*REQUIREMENT:*
Write out again, word for word, the lines below from the line that holds "217 from back of room" through the line that holds "Image depict similar Riverdale Developments", omitting pictures.

*SOURCE INFORMATION:*
━━━━━━━━━━━━━━━━
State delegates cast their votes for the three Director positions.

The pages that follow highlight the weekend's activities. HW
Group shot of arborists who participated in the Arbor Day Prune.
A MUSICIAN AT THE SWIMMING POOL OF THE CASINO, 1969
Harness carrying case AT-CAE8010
━━━━━━━━━━━━━━━━
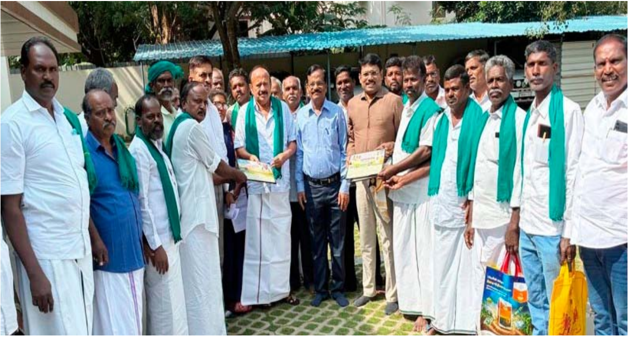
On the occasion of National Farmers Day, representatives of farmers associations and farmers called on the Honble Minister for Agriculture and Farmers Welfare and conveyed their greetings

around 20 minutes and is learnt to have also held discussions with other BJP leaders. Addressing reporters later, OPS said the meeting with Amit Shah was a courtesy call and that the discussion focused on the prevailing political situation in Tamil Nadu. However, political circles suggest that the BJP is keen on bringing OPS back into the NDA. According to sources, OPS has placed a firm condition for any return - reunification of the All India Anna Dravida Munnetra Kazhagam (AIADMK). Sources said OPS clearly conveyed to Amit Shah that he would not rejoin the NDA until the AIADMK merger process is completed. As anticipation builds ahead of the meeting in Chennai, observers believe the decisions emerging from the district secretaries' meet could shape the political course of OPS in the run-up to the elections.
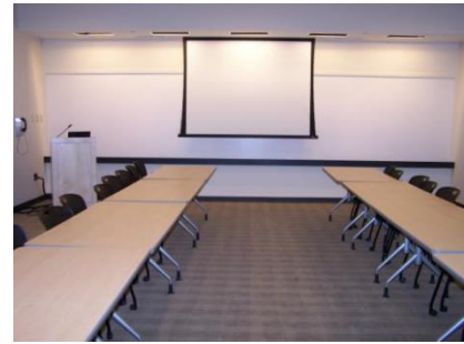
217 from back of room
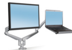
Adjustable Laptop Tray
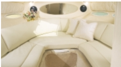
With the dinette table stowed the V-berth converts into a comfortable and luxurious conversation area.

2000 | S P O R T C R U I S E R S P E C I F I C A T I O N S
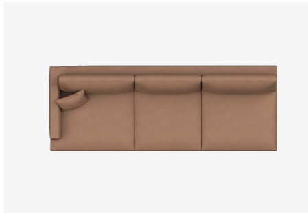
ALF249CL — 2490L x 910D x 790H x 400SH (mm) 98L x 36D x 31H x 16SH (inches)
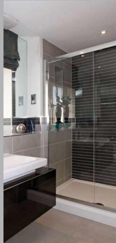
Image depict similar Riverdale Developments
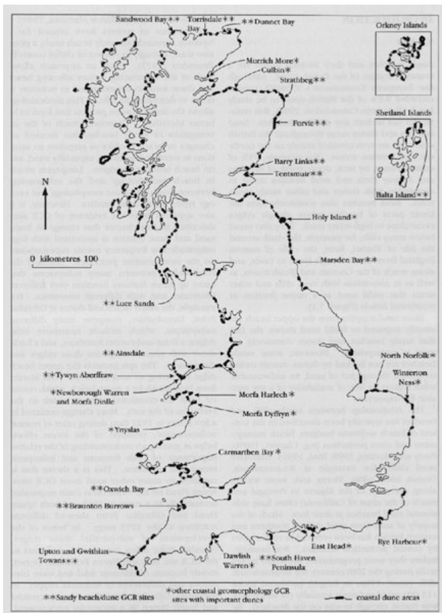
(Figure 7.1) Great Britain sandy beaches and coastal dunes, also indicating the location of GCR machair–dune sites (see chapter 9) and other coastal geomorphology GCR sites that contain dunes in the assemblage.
━━━━━━━━━━━━━━━━
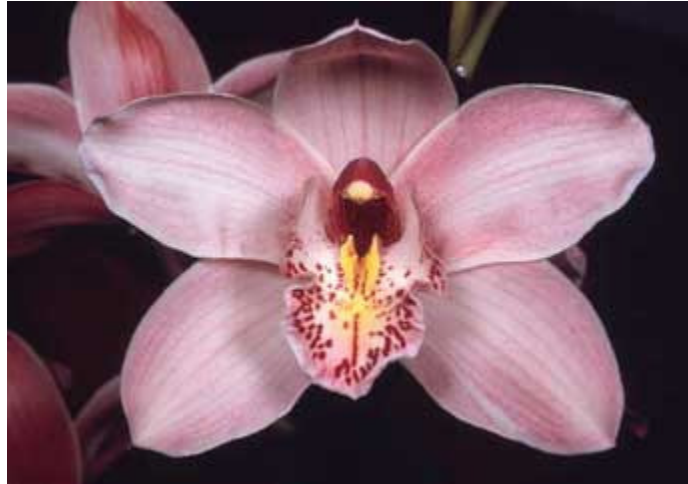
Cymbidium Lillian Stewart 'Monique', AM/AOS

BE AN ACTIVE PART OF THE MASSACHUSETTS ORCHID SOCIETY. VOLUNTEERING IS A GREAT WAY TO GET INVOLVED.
━━━━━━━━━━━━━━━━
*THE COMPLETED TASK:*
217 from back of room
Adjustable Laptop Tray
With the dinette table stowed the V-berth converts into a comfortable and luxurious conversation area.

2000 | S P O R T C R U I S E R S P E C I F I C A T I O N S
ALF249CL — 2490L x 910D x 790H x 400SH (mm) 98L x 36D x 31H x 16SH (inches)
Image depict similar Riverdale Developments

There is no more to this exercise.